Among the more serious flaws addressed this month is CVE-2019-1068, a remote code execution vulnerability in SQL Server. An attacker could exploit the flaw by sending a specially-crafted query to execute code with the permissions of the Database Engine. The bug was publicly disclosed earlier, but so far no attacks have been spotted in the wild.

Real-world exploitation is unlikely, in our eyes, because a hacker would have to somehow execute an arbitrary SQL query, and if that’s the case, the installation is essentially pwned anyway.

“It doesn’t provide you keys to the kingdom, but it does have elevated privileges,” noted Dustin Childs, of the Trend Micro Zero Day Initiative, though.

“The update also impacts SQL Server 2017 on Linux and Linux Docker Containers. Considering SQL Servers are generally part of an enterprise’s critical infrastructure, definitely test and deploy this patch to your SQL Servers quickly.”

Docker was also the focus of CVE-2018-15664, a privilege escalation flaw that would let an attacker escape the container and acquire full read/write privileges on the host machine. The exploit can be triggered via the Docker command line. That vulnerability was also publicly disclosed prior to today, but was not targeted in the wild.

The same can not be said for CVE-2019-0880 and CVE-2019-1132, a pair of elevation of privilege vulnerabilities in Windows that require local access. Trend Micro says both flaws have been exploited in the wild, but in-depth details had not been disclosed.

Other patches of note include the fix for CVE-2019-0785, a remote execution vulnerability in DHCP for Windows Server. That flaw, which was not exploited or disclosed publicly, allows remote code execution by way of a malformed DHCP packet, if the DHCP server is configured in failover mode.

“A memory corruption vulnerability exists in the Windows Server DHCP service when an attacker sends specially crafted packets to a DHCP failover server,” Redmond notes.

“An attacker who successfully exploited the vulnerability could either run arbitrary code on the DHCP failover server or cause the DHCP service to become nonresponsive. To exploit the vulnerability, an attacker could send a specially crafted packet to a DHCP server. However, the DHCP server must be set to failover mode for the attack to succeed.

“The security update addresses the vulnerability by correcting how DHCP failover servers handle network packets.”

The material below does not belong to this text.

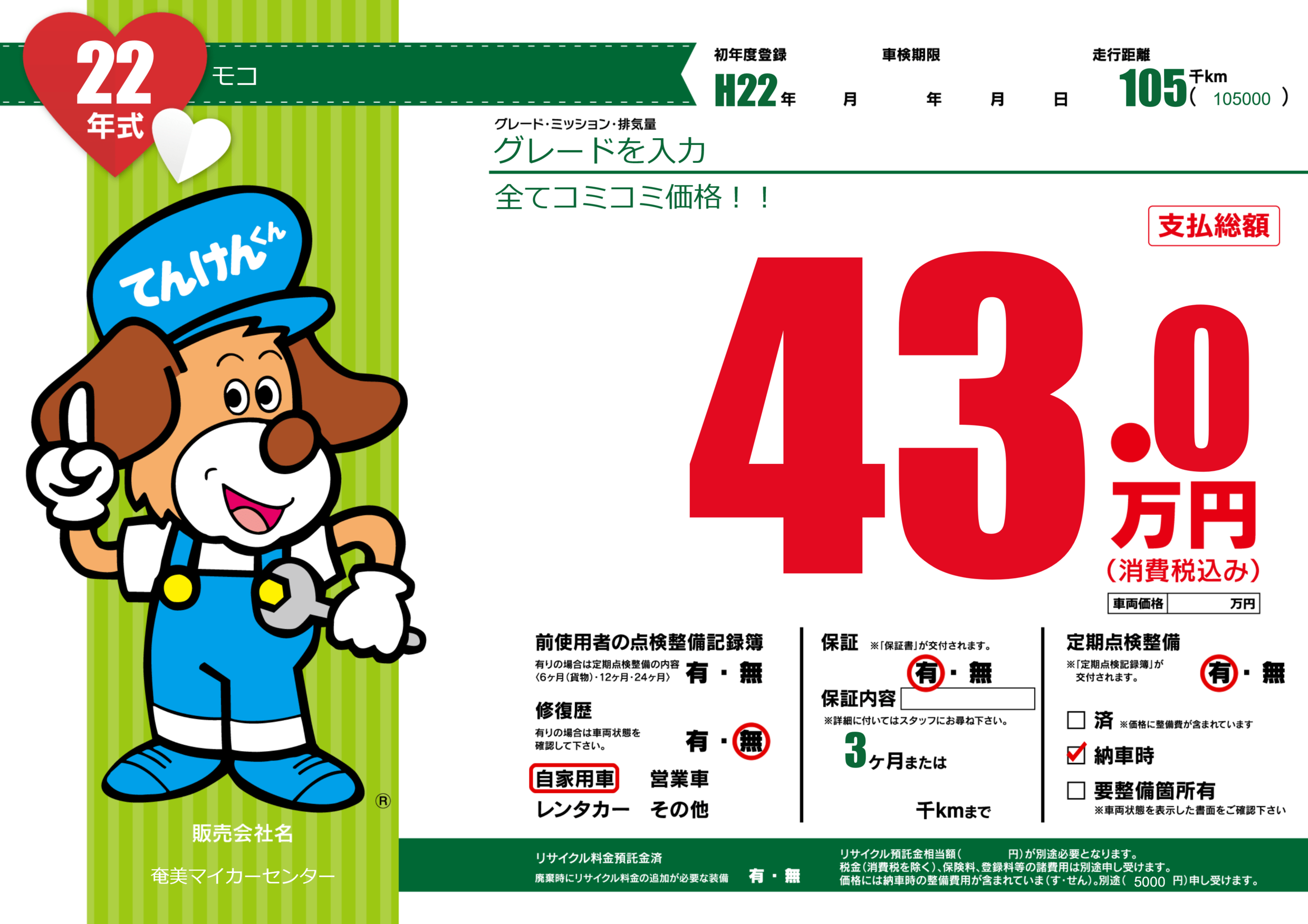 | 定期点検整備 | 定期点検整備あり 納車時あり | ||

As it does every month, Microsoft addressed a handful of remote code execution bugs in the scripting engines for its Edge and Internet Explorer browsers. Those vulnerabilities, 11 in all, were critical flaws that allow for remote takeover by way of poisoned web pages. None have been exploited nor disclosed publicly… yet.

Huawei website ████ ██████ security flaws ██████ customer info and biz operations at risk: ███████ patched

READ MORE

Outlook for Android users will want to pay attention to CVE-2019-1105, a spoofing vulnerability that would allow an attacker to use a specially ncrafted email message to allow for further cross-site scripting attacks.

Redmond also addressed two remote code execution flaws (CVE-2019-1110 and CVE-2019-1111 and one information disclosure bug (CVE-2019-1112) in Excel and one cross-site scripting flaw (CVE-2019-1137 in Office SharePoint.

Adobe forgoes Flash and Acrobat fixes, SAP cleans up SMDAgent hole

It looks like two of the most popular exploit targets on the internet are getting a bit of a break this month. Neither Flash nor Acrobat/Reader are getting security patches from Adobe for the first time in years.

Instead, there are updates to address an information disclosure bug in Bridge CC, a DLL hijacking flaw in Dreamweaver and three information disclosure vulnerabilities in Adobe Experience Manager.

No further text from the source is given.